According to the sorting result, the multiple audio coding segments are spliced end to end to obtain spliced data.
The electronic device according to claim 14, wherein the arrangement information of the plurality of audio encoding segments is recording time information, and the arrangement of the plurality of audio encoding segments is performed according to the arrangement information of the plurality of audio encoding segments.

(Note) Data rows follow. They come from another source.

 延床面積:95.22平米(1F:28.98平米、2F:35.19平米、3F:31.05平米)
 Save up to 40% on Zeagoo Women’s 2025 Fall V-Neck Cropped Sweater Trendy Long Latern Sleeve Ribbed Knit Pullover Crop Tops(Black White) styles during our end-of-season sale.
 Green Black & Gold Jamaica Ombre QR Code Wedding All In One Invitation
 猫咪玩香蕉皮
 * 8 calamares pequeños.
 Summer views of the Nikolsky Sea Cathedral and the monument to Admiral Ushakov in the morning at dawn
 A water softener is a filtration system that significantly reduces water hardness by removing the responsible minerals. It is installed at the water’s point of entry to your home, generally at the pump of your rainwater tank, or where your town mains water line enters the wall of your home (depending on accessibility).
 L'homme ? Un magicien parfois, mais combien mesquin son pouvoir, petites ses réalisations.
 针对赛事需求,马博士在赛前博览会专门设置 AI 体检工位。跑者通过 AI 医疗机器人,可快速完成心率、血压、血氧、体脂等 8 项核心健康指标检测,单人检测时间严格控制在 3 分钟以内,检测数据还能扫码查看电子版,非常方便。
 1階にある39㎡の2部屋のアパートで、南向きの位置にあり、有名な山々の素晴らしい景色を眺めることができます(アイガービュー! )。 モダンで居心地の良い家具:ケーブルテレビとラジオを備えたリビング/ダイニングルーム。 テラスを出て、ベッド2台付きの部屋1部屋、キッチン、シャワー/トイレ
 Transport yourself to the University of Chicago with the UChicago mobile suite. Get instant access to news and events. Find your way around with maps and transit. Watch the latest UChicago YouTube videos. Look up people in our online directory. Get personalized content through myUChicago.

The coding segment to be sorted includes:

Sort the multiple audio encoding segments in a time sequence according to the recording time information of the multiple audio encoding segments.
The electronic device according to claim 14, wherein the arrangement information of the plurality of audio encoding segments is number information, and the plurality of audio encodings are encoded according to the arrangement information of the plurality of audio encoding segments The segments to be sorted include:

Sorting the multiple audio coding segments in a number order according to the number information of the multiple audio coding segments.
The electronic device according to claim 13, wherein acquiring a plurality of audio coding segments comprises:

Obtain multiple audio and video mixed stream data segments;

Perform audio extraction on the multiple audio and video mixed stream data segments respectively to obtain the multiple audio coding segments.
The electronic device according to claim 17, wherein the splicing of the multiple audio coding segments to obtain spliced data comprises:

Determining the arrangement information of the multiple audio coding segments according to the arrangement information of the multiple audio and video mixed stream data segments;

Sorting the multiple audio coding segments according to the arrangement information of the multiple audio coding segments;

According to the sorting result, the multiple audio coding segments are spliced end to end to obtain spliced data.
The electronic device according to claim 18, wherein the arrangement information of the multiple audio and video mixed stream data segments is one of recording time information and number information.
The electronic device according to claim 17, wherein the audio data processing method further comprises:

Performing video extraction on the multiple audio and video mixed stream data segments respectively to obtain multiple video encoding segments;

Generating video synthesis data according to the multiple video coding segments;

The audio and video synthesis data is generated according to the audio synthesis data and the video synthesis data.
The electronic device according to claim 20, wherein acquiring a plurality of audio and video mixed stream data segments comprises:

Receiving an editing instruction sent by the target object through a user interface, where the editing instruction includes editing object information;

Communicate with the audio and video equipment, and obtain the multiple audio and video mixed stream data segments corresponding to the editing object information from the audio and video equipment through a communication interface, and the multiple audio and video mixed stream data segments are passed through the Audio and video equipment is recorded and saved in segments.
The electronic device according to claim 21, wherein the audio data processing method further comprises:

In response to the editing instruction, an editing operation is performed on the audio and video synthesized data to obtain the edited audio and video synthesized data.
The electronic device according to claim 17, wherein acquiring a plurality of audio and video mixed stream data segments comprises:

Receive the download instruction sent by the target object through the user interface;

Communicate with the audio and video equipment, download the multiple audio and video mixed stream data segments corresponding to the download instruction from the audio and video equipment through a communication interface and save them locally.
The electronic device according to any one of claims 13-23, wherein the format of the multiple audio coding segments is one of an AMR audio coding format, an AAC audio coding format, and an OPUS audio coding format.
A computer-readable storage medium with a computer program stored thereon, wherein the computer program implements the audio data processing method according to any one of claims 1-12 when the computer program is executed by a processor.